» WORK REQUEST:
Please repeat the records word for word and skip the pictures.

» RECORDS TO PROCESS:
# # # # #

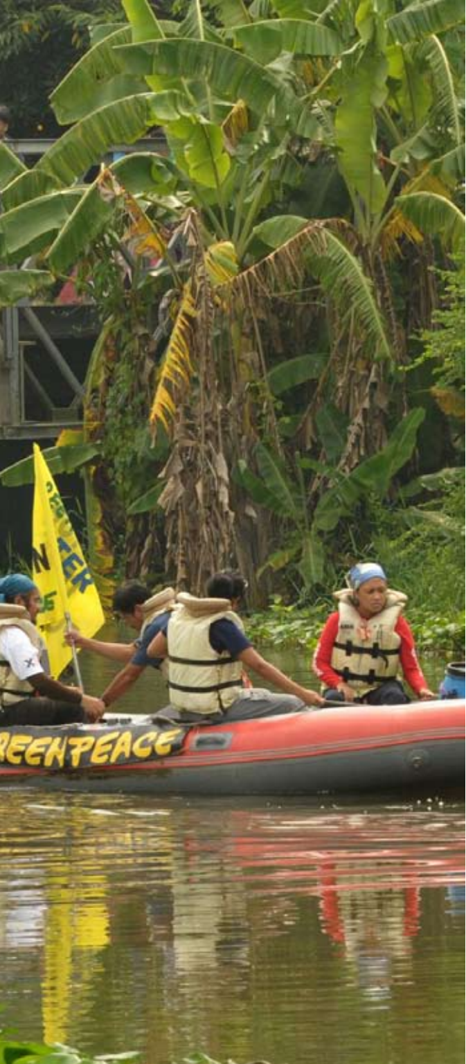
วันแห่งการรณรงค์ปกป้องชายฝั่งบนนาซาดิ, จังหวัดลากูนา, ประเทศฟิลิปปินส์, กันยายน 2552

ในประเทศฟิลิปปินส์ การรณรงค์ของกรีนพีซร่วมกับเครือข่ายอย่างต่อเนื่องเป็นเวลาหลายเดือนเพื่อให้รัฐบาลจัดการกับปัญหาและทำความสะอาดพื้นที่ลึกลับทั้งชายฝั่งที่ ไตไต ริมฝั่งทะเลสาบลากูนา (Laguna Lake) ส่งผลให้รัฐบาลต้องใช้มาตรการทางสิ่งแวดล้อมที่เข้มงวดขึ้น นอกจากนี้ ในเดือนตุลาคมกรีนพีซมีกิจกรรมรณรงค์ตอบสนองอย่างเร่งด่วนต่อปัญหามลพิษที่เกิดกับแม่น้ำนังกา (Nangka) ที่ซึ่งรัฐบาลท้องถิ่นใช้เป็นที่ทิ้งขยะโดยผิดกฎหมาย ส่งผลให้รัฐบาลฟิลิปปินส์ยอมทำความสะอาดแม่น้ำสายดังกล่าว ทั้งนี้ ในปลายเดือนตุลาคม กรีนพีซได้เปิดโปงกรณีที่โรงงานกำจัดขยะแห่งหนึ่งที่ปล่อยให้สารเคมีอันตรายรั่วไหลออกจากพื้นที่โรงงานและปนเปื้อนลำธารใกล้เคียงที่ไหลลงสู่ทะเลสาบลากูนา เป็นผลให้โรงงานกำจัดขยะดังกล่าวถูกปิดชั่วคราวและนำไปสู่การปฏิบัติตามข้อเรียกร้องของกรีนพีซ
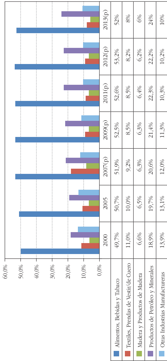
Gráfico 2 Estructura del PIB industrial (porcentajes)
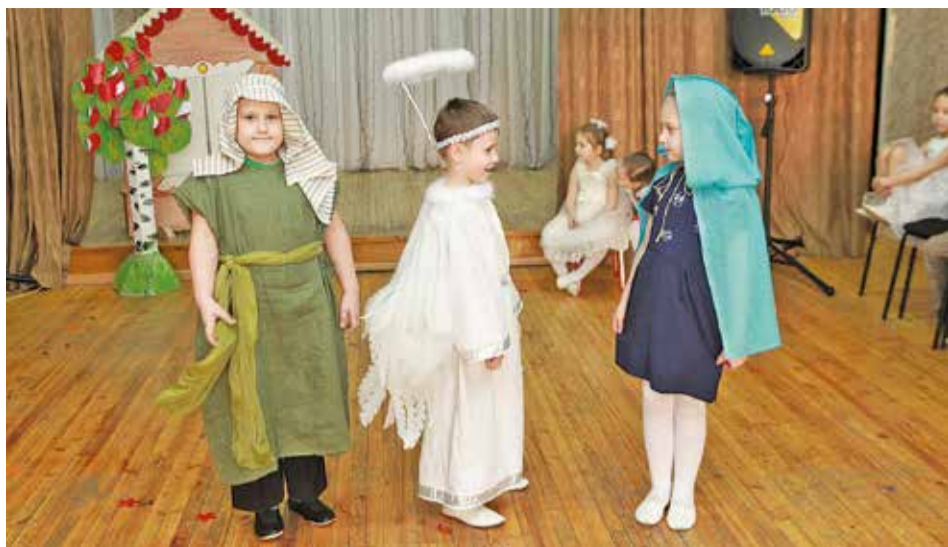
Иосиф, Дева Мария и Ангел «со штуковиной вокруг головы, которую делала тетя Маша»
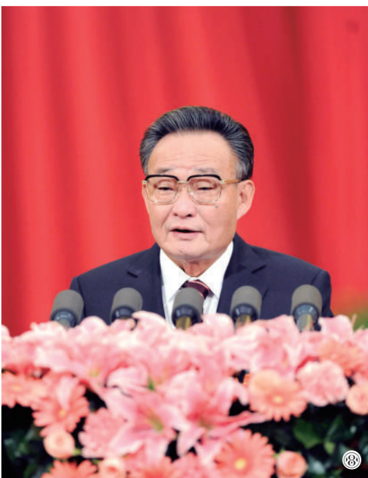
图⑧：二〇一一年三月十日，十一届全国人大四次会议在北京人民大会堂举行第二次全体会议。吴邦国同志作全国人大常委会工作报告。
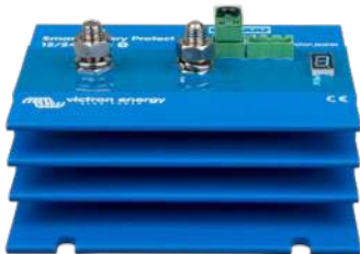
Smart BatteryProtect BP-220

# # # # #

» EXPECTED OUTPUT:
วันแห่งการรณรงค์ปกป้องชายฝั่งบนนาซาดิ, จังหวัดลากูนา, ประเทศฟิลิปปินส์, กันยายน 2552

ในประเทศฟิลิปปินส์ การรณรงค์ของกรีนพีซร่วมกับเครือข่ายอย่างต่อเนื่องเป็นเวลาหลายเดือนเพื่อให้รัฐบาลจัดการกับปัญหาและทำความสะอาดพื้นที่ลึกลับทั้งชายฝั่งที่ ไตไต ริมฝั่งทะเลสาบลากูนา (Laguna Lake) ส่งผลให้รัฐบาลต้องใช้มาตรการทางสิ่งแวดล้อมที่เข้มงวดขึ้น นอกจากนี้ ในเดือนตุลาคมกรีนพีซมีกิจกรรมรณรงค์ตอบสนองอย่างเร่งด่วนต่อปัญหามลพิษที่เกิดกับแม่น้ำนังกา (Nangka) ที่ซึ่งรัฐบาลท้องถิ่นใช้เป็นที่ทิ้งขยะโดยผิดกฎหมาย ส่งผลให้รัฐบาลฟิลิปปินส์ยอมทำความสะอาดแม่น้ำสายดังกล่าว ทั้งนี้ ในปลายเดือนตุลาคม กรีนพีซได้เปิดโปงกรณีที่โรงงานกำจัดขยะแห่งหนึ่งที่ปล่อยให้สารเคมีอันตรายรั่วไหลออกจากพื้นที่โรงงานและปนเปื้อนลำธารใกล้เคียงที่ไหลลงสู่ทะเลสาบลากูนา เป็นผลให้โรงงานกำจัดขยะดังกล่าวถูกปิดชั่วคราวและนำไปสู่การปฏิบัติตามข้อเรียกร้องของกรีนพีซ
Gráfico 2 Estructura del PIB industrial (porcentajes)
Иосиф, Дева Мария и Ангел «со штуковиной вокруг головы, которую делала тетя Маша»
图⑧：二〇一一年三月十日，十一届全国人大四次会议在北京人民大会堂举行第二次全体会议。吴邦国同志作全国人大常委会工作报告。
Smart BatteryProtect BP-220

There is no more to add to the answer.